De acordo com os positivistas, a Teologia e a metafísica nunca inspiraram uma religião, mas que é credo, verdadeiramente racional, cuja instituição estaria reservada ao advento do espírito positivo. Assim, estabelecendo a unidade espiritual por meio da ciência, a religião da humanidade, ou o credo da humanidade, passa a possuir como principal objetivo a regeneração social e moral.

Assim como o catolicismo se encontra fundamentado na saperologia, ou filosofia, escolástica de São Tomás de Aquino, o credo, ou a religião da humanidade, encontra-se fundamentada na saperologia, ou filosofia, positivista de Auguste Comte, tendo por base a ciência clássica, cujo ser supremo é a humanidade personificada, tida como deusa pelos positivistas, representando o conjunto de seres convergente de todas as gerações, passadas, presentes e futuras, que contribuíram, contribuem e contribuirão para o desenvolvimento e aperfeiçoamento humano.

A ciência clássica se constitui no dogma do credo, ou religião da humanidade, existindo templos e capelas onde são celebrados cultos elaborados à humanidade, denominados de grão-ser pelos positivistas.
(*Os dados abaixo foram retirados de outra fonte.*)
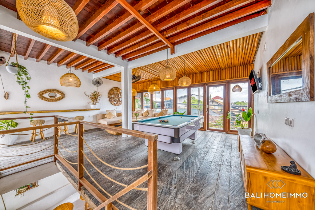 This stunning villa is located in the trendy area of Canggu. Situated just an 8-minute drive from the beach, this villa offers the perfect mix of relaxation and convenience. The property is surrounded by an abundance of amenities, including a variety of restaurants, cafes, beach clubs, and shops. Spanning 3 levels with 290 sqm of building and 1,9 are of land, the villa offers ample space for you to unwind.ย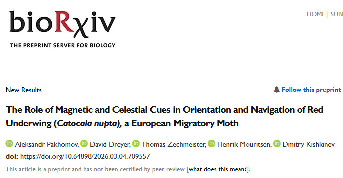The Role of Magnetic and Celestial Cues in Orientation and Navigation of Red Underwing (Catocala nupta), a European Migratory Moth (2026)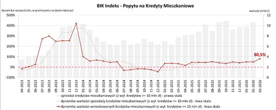 O 80,5% r/r wzrosła wartość zapytań o kredyty mieszkaniowe w marcu 2026 r.

O credo, ou a religião positivista, caracteriza-se pelo uso de símbolos, sinais, estandartes, vestes litúrgicas, sacramentos, comemorações cívicas, uso de um calendário próprio, o calendário positivista, um calendário lunar composto de treze meses de vinte e oito dias, e dias de santos, dedicados a grandes vultos humanos. O lema do credo, ou religião positivista, é “o amor por princípio e o ordem por base; o progresso por fim”; e o seu regime é “viver às claras” e “viver para outrem”. Auguste Comte foi o criador da palavra altruísmo, palavra que segundo o fundador resume o ideal do seu novo credo, ou de sua nova religião.

O POSITIVISMO NO BRASIL

A doutrina positivista se expandiu das terras europeias e aportou no Brasil como sendo um grande movimento, ao ponto de sermos considerados a segunda pátria do Positivismo. O movimento surgiu em território nacional a partir de 1850, quando então se tornou visível na Escola Militar, no Colégio Pedro II, na Escola da Marinha, na Escola de Medicina e na Escola Politécnica, principalmente como sendo uma reação saperológica, ou filosófica, contra a doutrina confessional católica tão presente na sociedade brasileira.

A sua máxima influência ocorreu na Proclamação da República, em 1889, em que se destacou o Cel. Benjamin Constant, um dos grandes adeptos da doutrina positivista, destacando-se como sendo o mais influente de todos, por isso o Positivismo teve uma forte presença em todo o ambiente militar brasileiro, moldando os seus ideais, que foram refletidos na bandeira brasileira e no próprio governo da época, Assim, o Positivismo brasileiro se fez presente principalmente nos movimentos de caráter republicanos e abolicionistas.

A influência da doutrina de Augusto Comte pôde ser observada no Brasil até nas rebeliões tenentistas da década de 20, no século seguinte, na organização estatal e nos projetos de desenvolvimento nacionalistas burgueses do primeiro governo de Getúlio Vargas.

A Constituição da República dos Estados Unidos do Brasil, de 1891, ou a Constituição de 1891, foi a primeira Constituição republicana do país, promulgada em dois anos de negociações após a queda do imperador D. Pedro II, tendo sido inspirada no exemplo norte-americano e moldada pela saperologia, ou filosofia, francesa do Positivismo. Foi esta a Constituição que estabeleceu as principais características do Estado brasileiro contemporâneo, como o modelo presidencialista e federativo, o voto direto — ainda que masculino e não secreto — para representantes do executivo e do legislativo, a separação entre Estado e Igreja, que é a laicidade, e a independência entre os três poderes, tendo decretado o fim das instituições monárquicas, como o Poder Moderador e o Conselho de Estado. Esta Constituição durou até a Revolução de 1930, mas que foi um golpe, sofrendo apenas uma grande alteração neste período, que foram as Emendas Constitucionais ocorridas no ano de 1926.